*Activity*: In your copy, repeat the records exactly and leave out the pictures.

◇ ◇ ◇ ◇ ◇

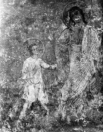 Архангел Михаил, ведущий юного Иоанна Крестителя в пустыню. Фреска Кирилловской церкви
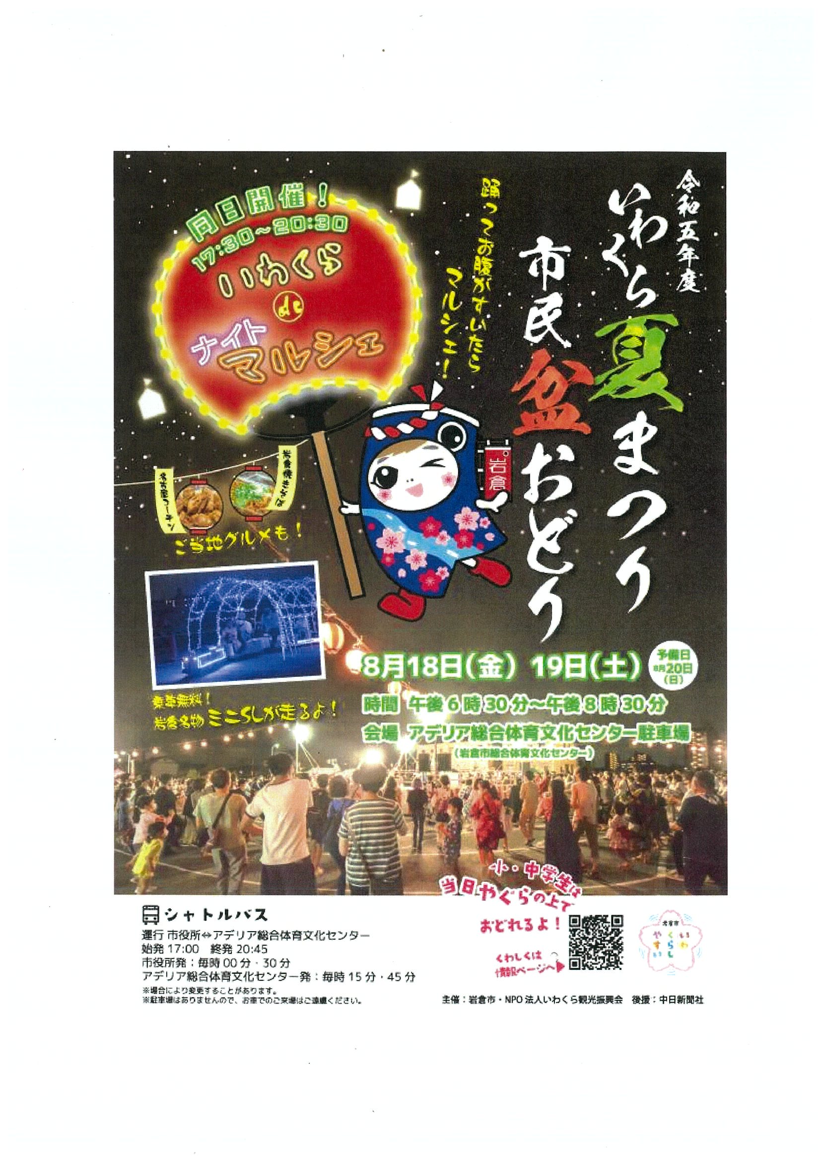 8月18j日(金)8月19日(土)「いわくら夏まつり 市民盆おどり」が開催されます。
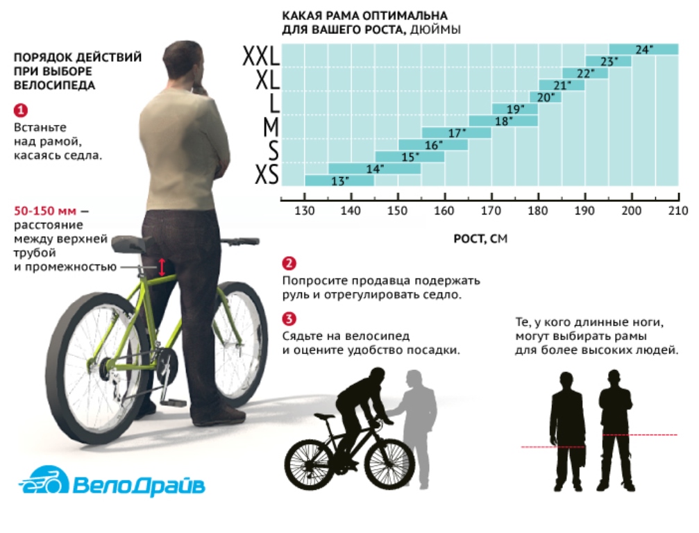 Людям с дефицитом веса и миниатюрным женщинам лучше покупать велосипеды меньшей ростовки, поскольку чем меньше рама, тем меньшим будет вес велосипеда и с ним будет проще справиться. Тем, у кого масса тела превышает средние значения, лучше выбрать байк на размер больше указанного в таблице.
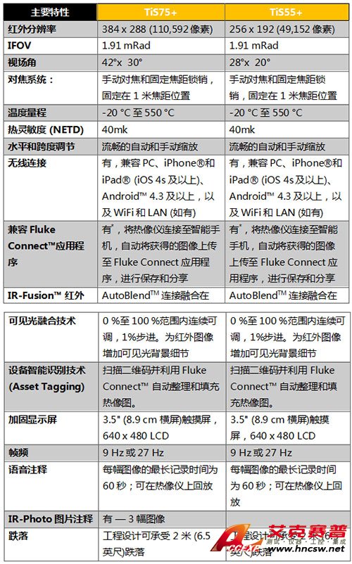 相比原有型號(FlukeTiS75和TiS55),新產品的像素提高了44%(TiS75+:384x288像素;TiS55+:256x192像素),這將為用戶提供更加清晰和準確的測量結果。同時熱靈敏度由0.08℃升級至0.04℃,能夠檢測到更微小的溫度變化。
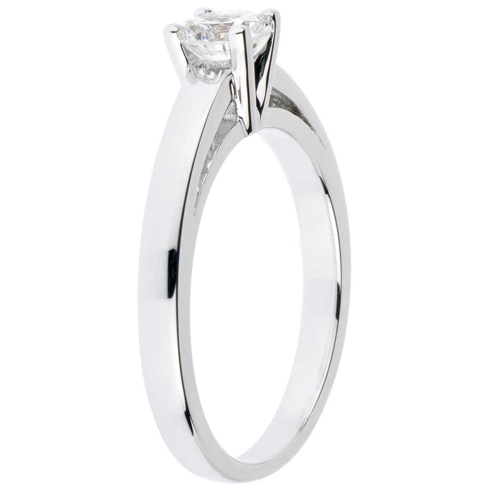 Surowa i elegancka oprawa w czterech krapach z białego złota podkreślająca urodę diamentu.
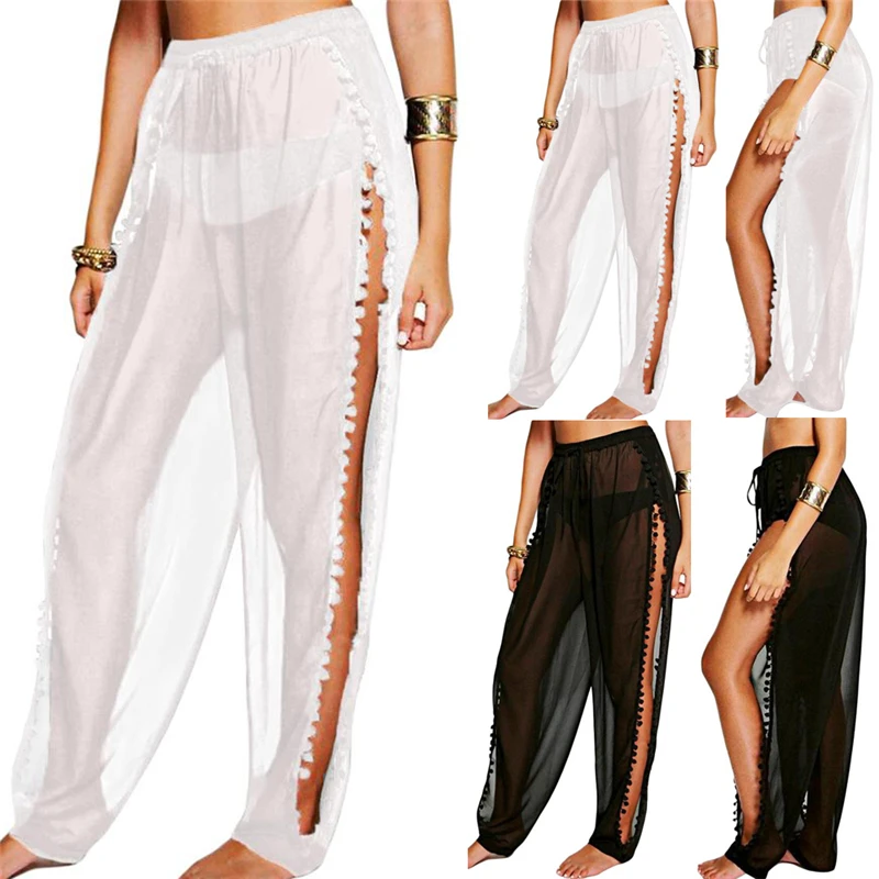 Сексуальные женские пляжные накидки сетчатые прозрачные широкие брюки шифоновые Повседневные прозрачные женские бикини Cover Up черный белый
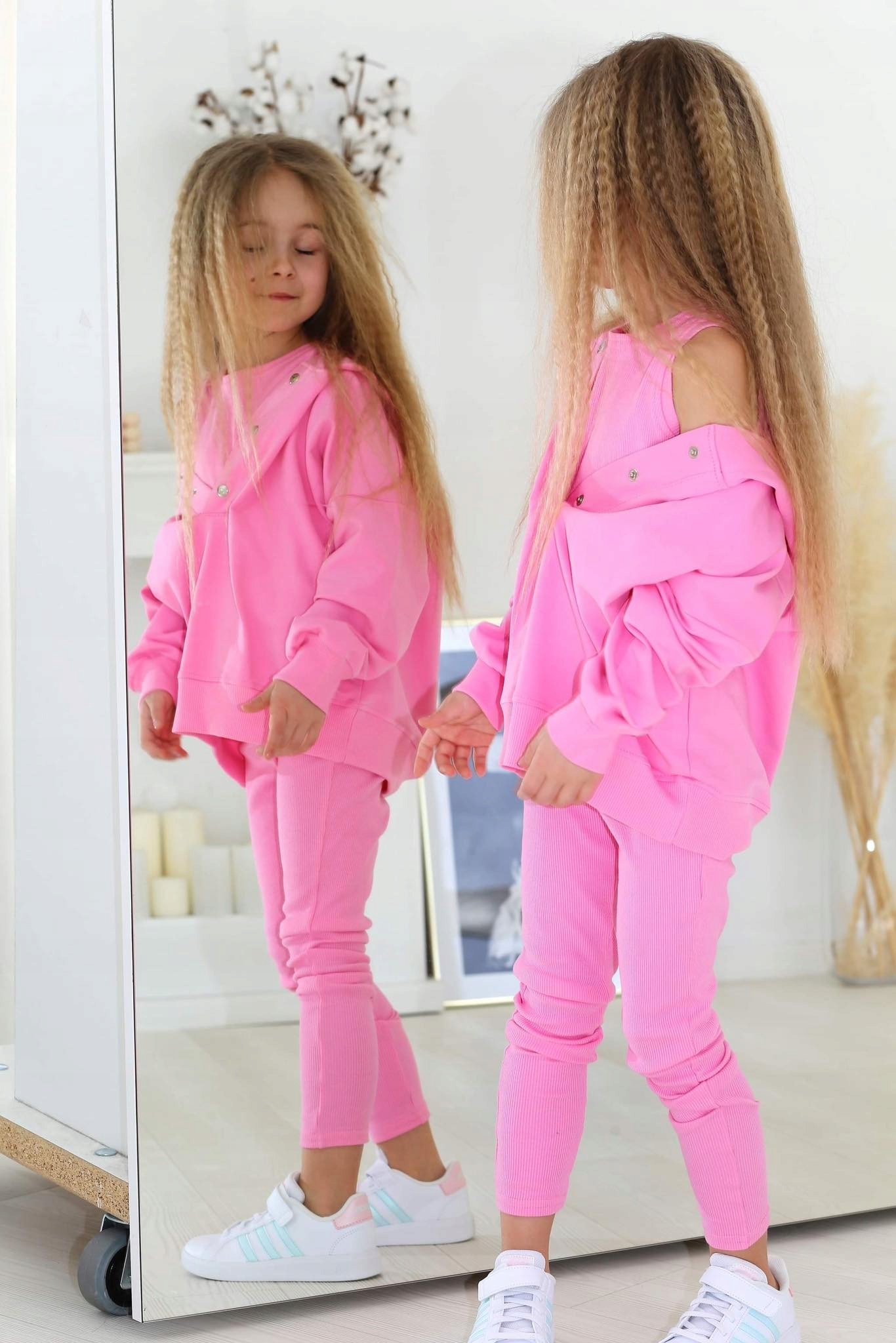 Красивый розовый цвет комплекта делает его идеальным для весны и лета. Это отличный вариант для девушки, которая хочет чувствовать себя комфортно и модно одновременно.
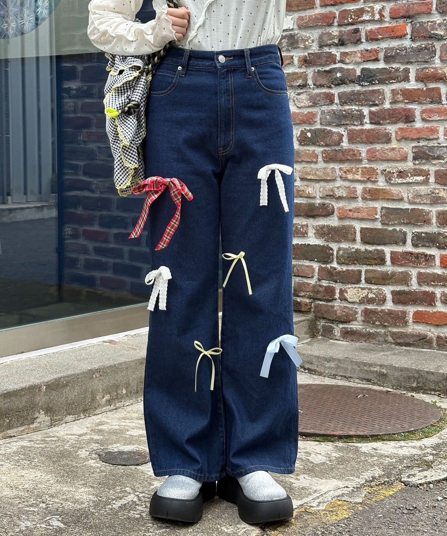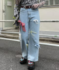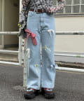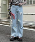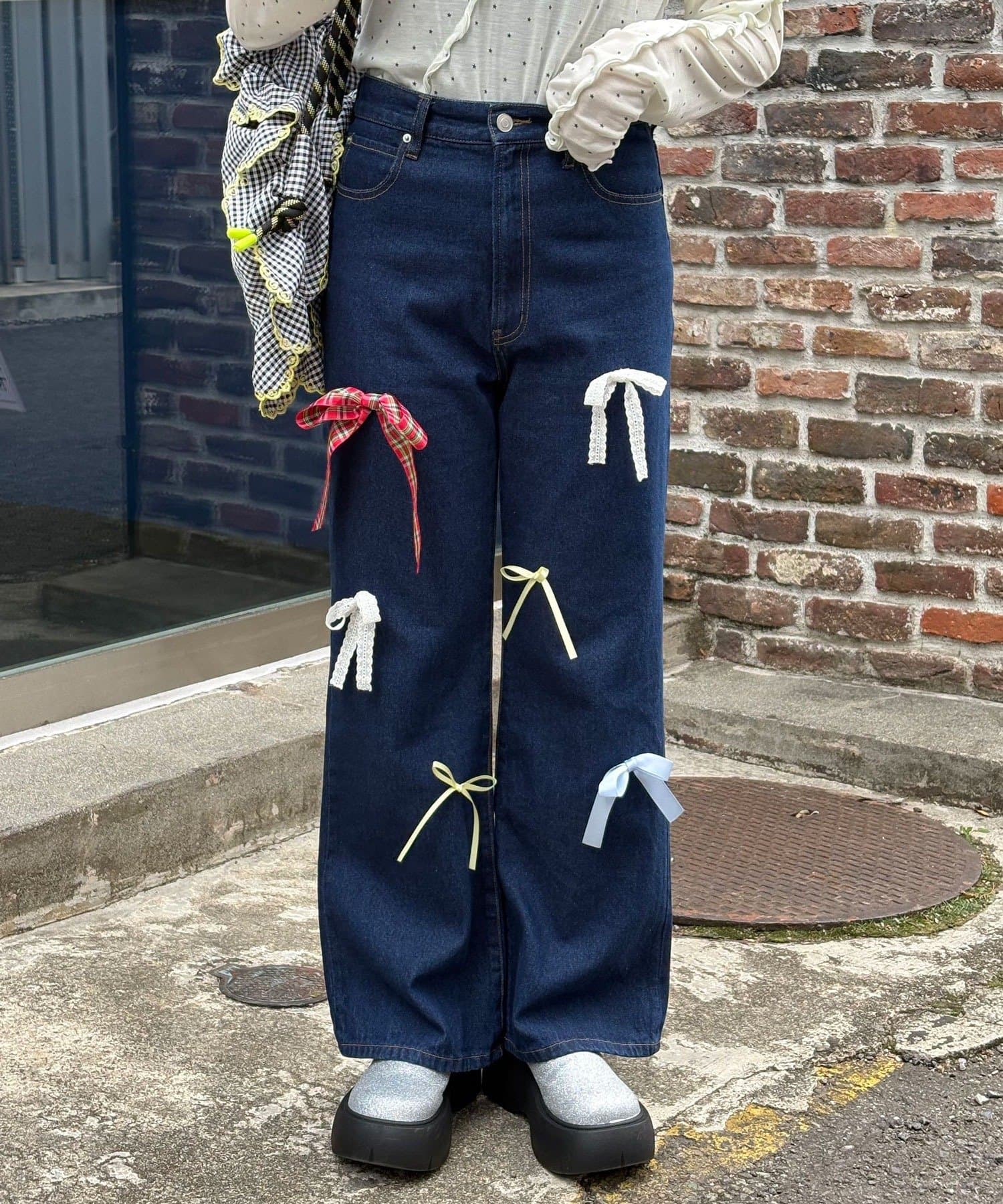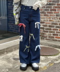 ランダムにあしらったリボンモチーフが目を引く、デザインデニムパンツ。
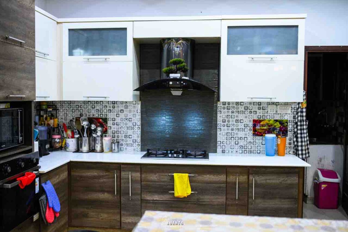 Зручний приватний будинок з 1 спальнею, приєднаною ванною кімнатою, затишними диванами та обідньою зоною. Розташований на проспекті Кадір біля об’їзної дороги навколо юридичного коледжу Еверест, поруч із рестораном Saima Downtown і рестораном Kababjees. Пропонує паркування, спокійне оточення та легкий доступ до головних доріг, ресторанів і повсякденних потреб – ідеально підходить для пар, сімей або бізнес-мандрівників.
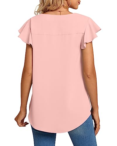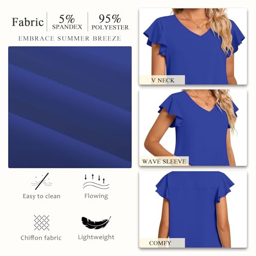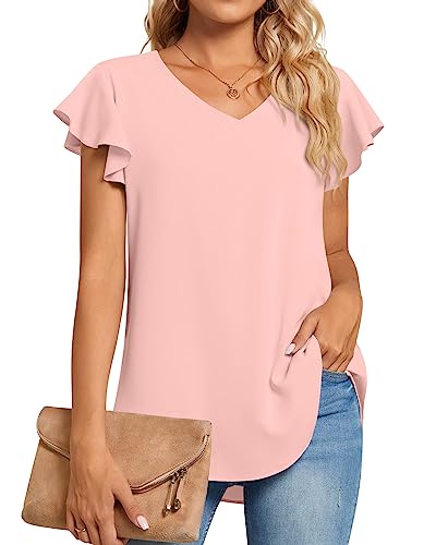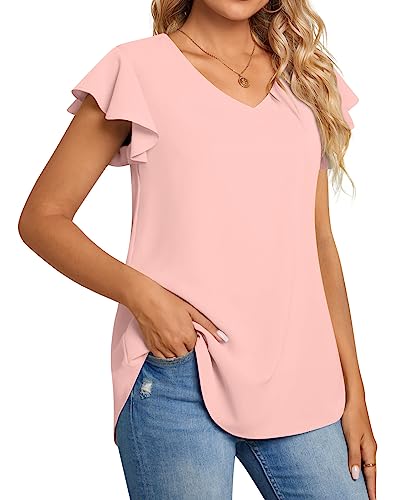 TAOHUADAO Women Summer Tops V Neck Ruffle Short Sleeve T-Shirts Chiffon Blouses

◇ ◇ ◇ ◇ ◇

*Written solution*:
 Архангел Михаил, ведущий юного Иоанна Крестителя в пустыню. Фреска Кирилловской церкви
 8月18j日(金)8月19日(土)「いわくら夏まつり 市民盆おどり」が開催されます。
 Людям с дефицитом веса и миниатюрным женщинам лучше покупать велосипеды меньшей ростовки, поскольку чем меньше рама, тем меньшим будет вес велосипеда и с ним будет проще справиться. Тем, у кого масса тела превышает средние значения, лучше выбрать байк на размер больше указанного в таблице.
 相比原有型號(FlukeTiS75和TiS55),新產品的像素提高了44%(TiS75+:384x288像素;TiS55+:256x192像素),這將為用戶提供更加清晰和準確的測量結果。同時熱靈敏度由0.08℃升級至0.04℃,能夠檢測到更微小的溫度變化。
 Surowa i elegancka oprawa w czterech krapach z białego złota podkreślająca urodę diamentu.
 Сексуальные женские пляжные накидки сетчатые прозрачные широкие брюки шифоновые Повседневные прозрачные женские бикини Cover Up черный белый
 Красивый розовый цвет комплекта делает его идеальным для весны и лета. Это отличный вариант для девушки, которая хочет чувствовать себя комфортно и модно одновременно.
 ランダムにあしらったリボンモチーフが目を引く、デザインデニムパンツ。
 Зручний приватний будинок з 1 спальнею, приєднаною ванною кімнатою, затишними диванами та обідньою зоною. Розташований на проспекті Кадір біля об’їзної дороги навколо юридичного коледжу Еверест, поруч із рестораном Saima Downtown і рестораном Kababjees. Пропонує паркування, спокійне оточення та легкий доступ до головних доріг, ресторанів і повсякденних потреб – ідеально підходить для пар, сімей або бізнес-мандрівників.
 TAOHUADAO Women Summer Tops V Neck Ruffle Short Sleeve T-Shirts Chiffon Blouses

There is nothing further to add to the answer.